Let’s imagine, he said to Miller, that a patient about to go into an abortion clinic is approached by two women. The first, who works for the clinic, says: “Good morning, this is a safe facility.” The other one, who isn’t an employee, says: “Good morning, this is not a safe facility.” According to Massachusetts law, the first woman has done nothing wrong, while the second has committed a crime.

“And the only difference between the two is that they’ve expressed a different viewpoint,” Alito observed. “Now how can a statute like that be considered viewpoint-neutral?”

Miller gave it her best shot, insisting that the law isn’t focused in the two speakers’ opinions – only “on what they’re doing in the buffer zone.” The pro-life speaker wasn’t guilty of expressing a disfavored opinion, Miller said; she was guilty of being within the 35-foot perimeter without a permissible reason.

But that only begged Alito’s question, and Justice Anthony Kennedy didn’t let Miller get away with it.
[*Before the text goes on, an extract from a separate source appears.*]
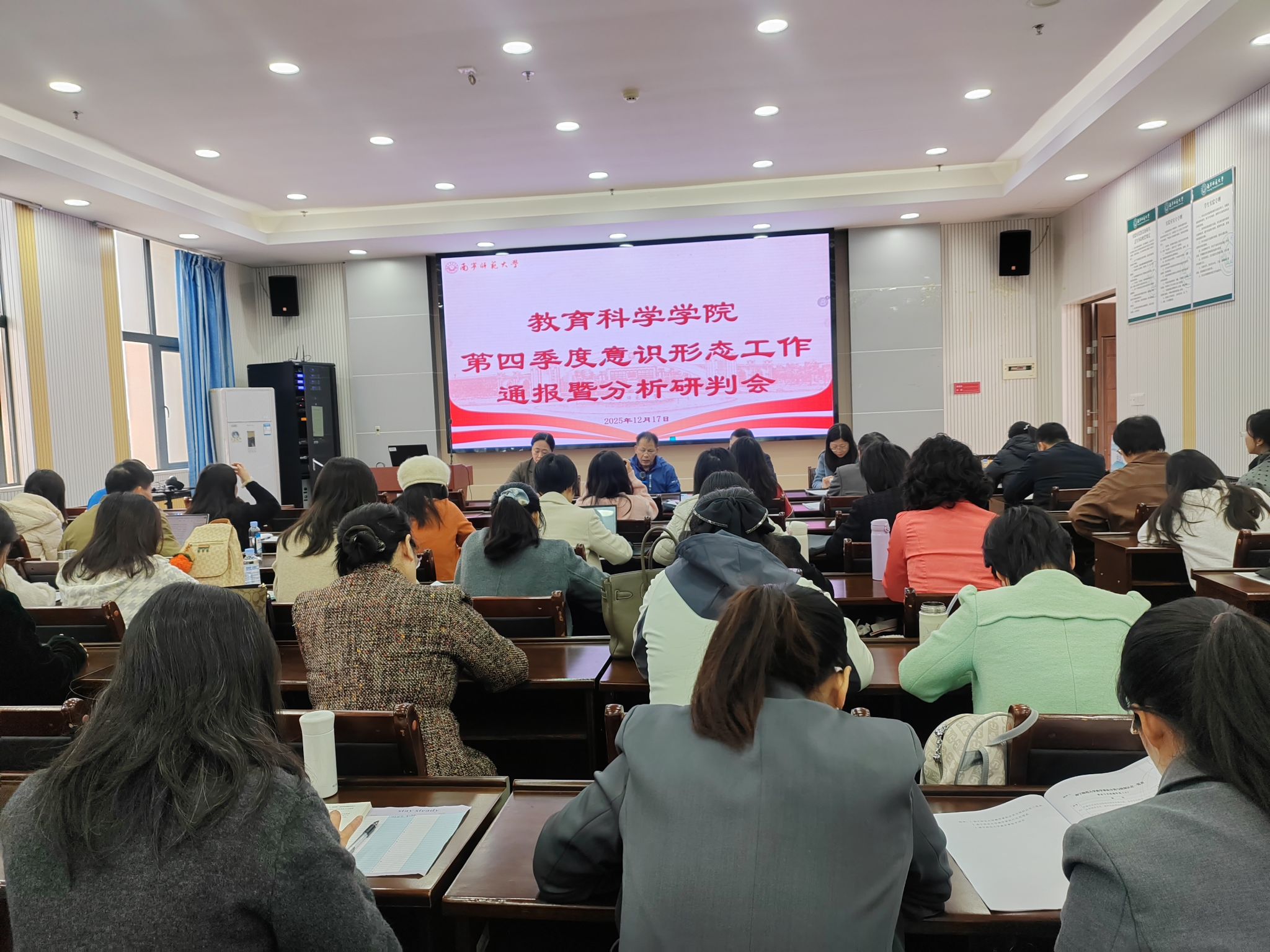 为扎实推进意识形态各项工作,12月17日,教育科学学院召开2025年第四季度意识形态专题分析研判会。学院全体教职工参加会议,会议由学院党委书记余朝文主持。

Of course the Massachusetts law doesn’t overtly ban people with anti-abortion viewpoints from crossing into the buffer zone. But in practical terms, that’s the law’s inescapable consequence, Kennedy said. “Are you saying that the consequences of what [legislators] write are irrelevant to this argument?” Ouch.

McCullen v. Coakley is bound up with abortion politics, but it could just as easily be a case about a buffer zone that barred pro-union activists from getting within 35 feet of a worksite where there was a labor dispute. It could be about antinuclear politics or animal welfare or gun control. Governments have the right to preserve public order, but only as a last resort may they do so by interfering with the marketplace of ideas. Is a 35-foot buffer zone really the last resort? I’d be surprised if the court says yes.

(Jeff Jacoby is a columnist for The Boston Globe).